These are seen as exemplifying their exilic perspective which
seems to evoke an aesthetic capable of transcending
spatio-temporal constraints under conditions of globalisation As
a consequence of this over-emphasis on the disruptive and the
singular in diasporic aesthetics, other aspects of their life
writing which signal towards specific historical continuities and
shared legacies get undermined. This thesis responds to this
critical omission by critically analysing examples of
contemporary life writing by writers belonging to the South Asian
diaspora whose histories have been shaped by both colonial and
postcolonial migration. A context-sensitive reading of their
memoirs reveals not only the interconnectedness between histories
of colonialism and the global present but also the ethical charge
that informs their self-referential aesthetic.
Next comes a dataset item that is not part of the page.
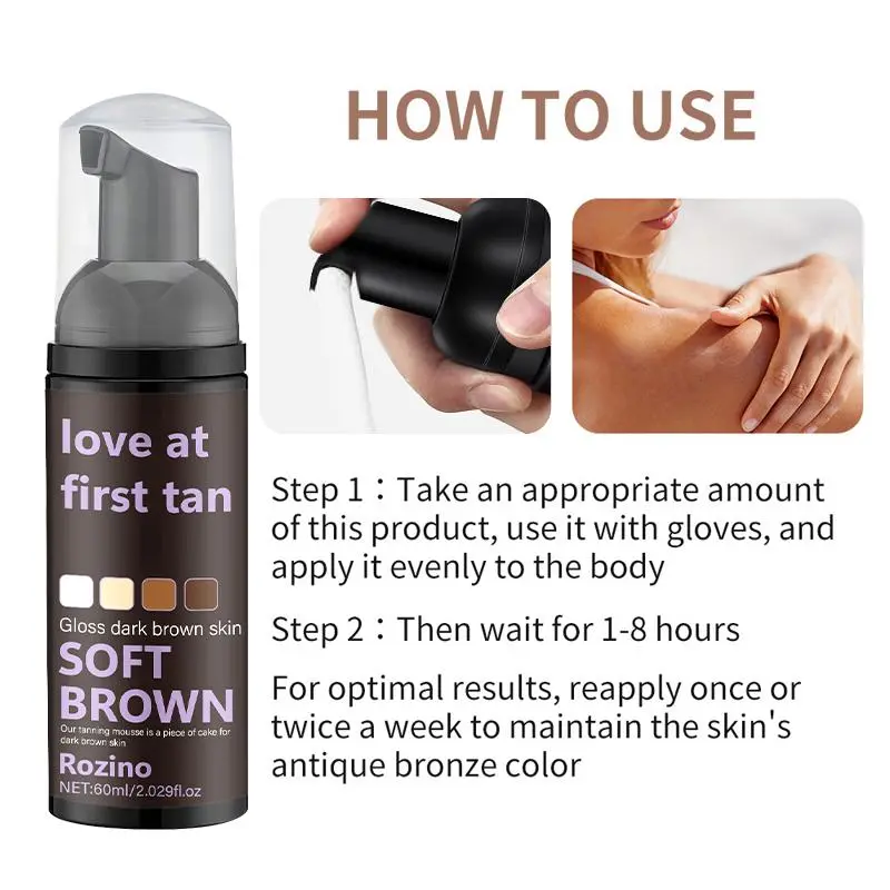 60ml Soft Brown Self Tanning Mousse, Natural Looking Self Tanner for Face & Body, Sunless Tanning Cream, Skin Care Product for Women & Men
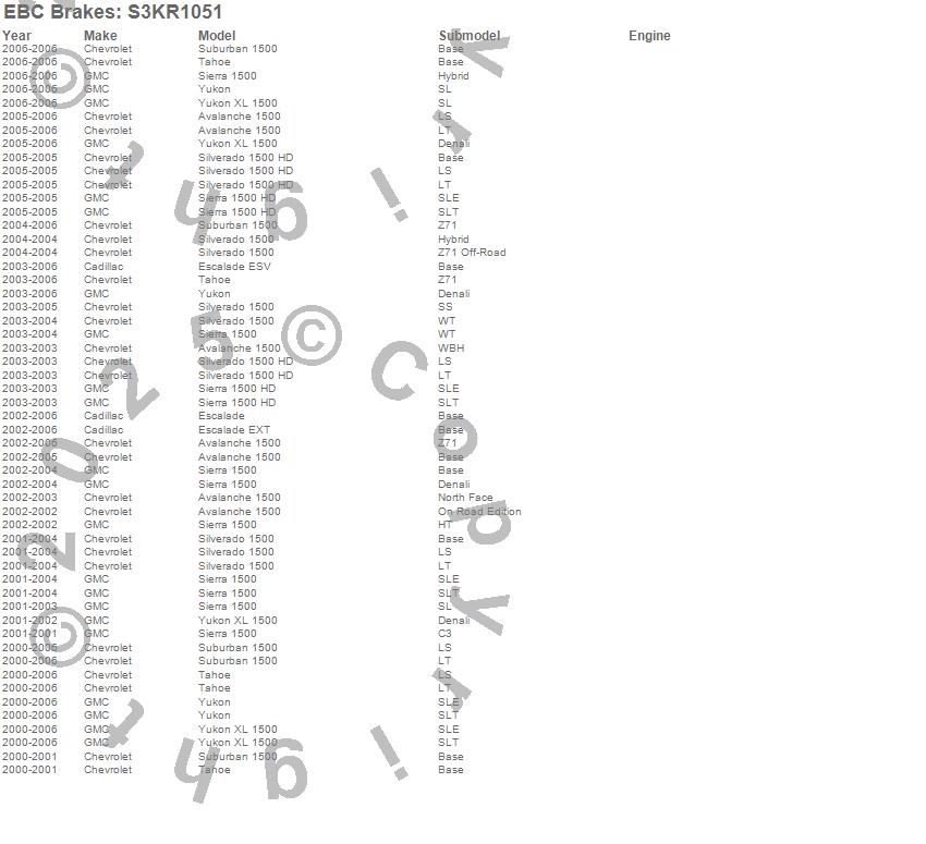 Below is an abbreviated list of applications for the S3 Kits Greenstuff 6000 and GD Rotors Truck/SUV.

The ethical commitment in their autobiographical
aesthetic is manifested in the form of a grounding of their
itinerant subjectivities in the granular histories of colonialism
and a neo-colonial globalised present, as well as a commitment to
an autobiographical ‘truth’ which is both experiential and
epistemological. These postcolonial memoirs demonstrate that
diasporic subjectivities can be experienced in ways that are both
ethically ‘specific’ and aesthetically ‘singular’. While
the specific mode is ‘relational’ in which identity is
foregrounded in personal memory and collective history, the
singular privileges an autobiographical ‘truth’ about these
relational ties or an ‘event’ in both experiential and
epistemological registers. I demonstrate that focusing our
analysis on the ethical impulse that drives their diasporic
subjectivity can illuminate how the genre of postcolonial life
writing offers a productive site for mapping literary resistance
to globalisation’s culture of ‘presentism’.
To substantiate this interpretation of
postcolonial life writing as a form of ethical mediation into the
cultural effects of globalisation this research focuses on
contemporary memoirs written by both descendants of the Indian
diaspora of nineteenth century British colonialism and those who
migrated to the west under late capitalism. While both
demonstrate a commitment to an ethics of memory through which
they resignify the importance of family ties, religious
communities, and cultural histories in shaping their
‘specific’ diasporic identities, some also invest in a
‘singular’ aesthetic through which they unsettle conventional
notions about autobiographical ‘truth’. The relational ethic
is evident in the two memoirs by M G Vassanji, Rediscovering
India: A Place Within (2008) as well as And Home Was Kariakoo:
Memoir of an Indian African (2014), in which diasporic nostalgia
for the author’s ancestral homeland and native birthplace is
refracted through a critical lens. Similarly, in Brij V Lal’s
‘factional’ narrative On The Other Side of Midnight: A Fijian
Journey (2005) the ethics of memory takes on the function of an
‘interventionist autobiography’ by a historian who shows how
his life’s journey is mediated by the collective history of his
Indo-Fijian community. By contrast, the relational imaginary of
Satendra Nandan’s memoir Requiem for a Rainbow: A Fijian Indian
Story (2001) takes the form of a melodramatic aesthetic. For
Kirin Narayan’s ‘we-moir’ My family and Other Saints
(2007), her anthropological interests converge with her
autobiographical gesture as she contextualises her family’s
spiritual quest within the specific cultural milieu of India of
the late 1960s. And while Michael Ondaatje’s memoir Running in
the Family (1982) is ostensibly a filiation narrative like
Narayan’s, its aesthetic experimentation both reaffirms the
relational ethic and calls into question the protocols of
evidentiary knowledge by which autobiographical ‘truth’ is
conventionally bound. Finally, as the case of Salman Rushdie’s
memoir Joseph Anton (2012) demonstrates a ‘singular’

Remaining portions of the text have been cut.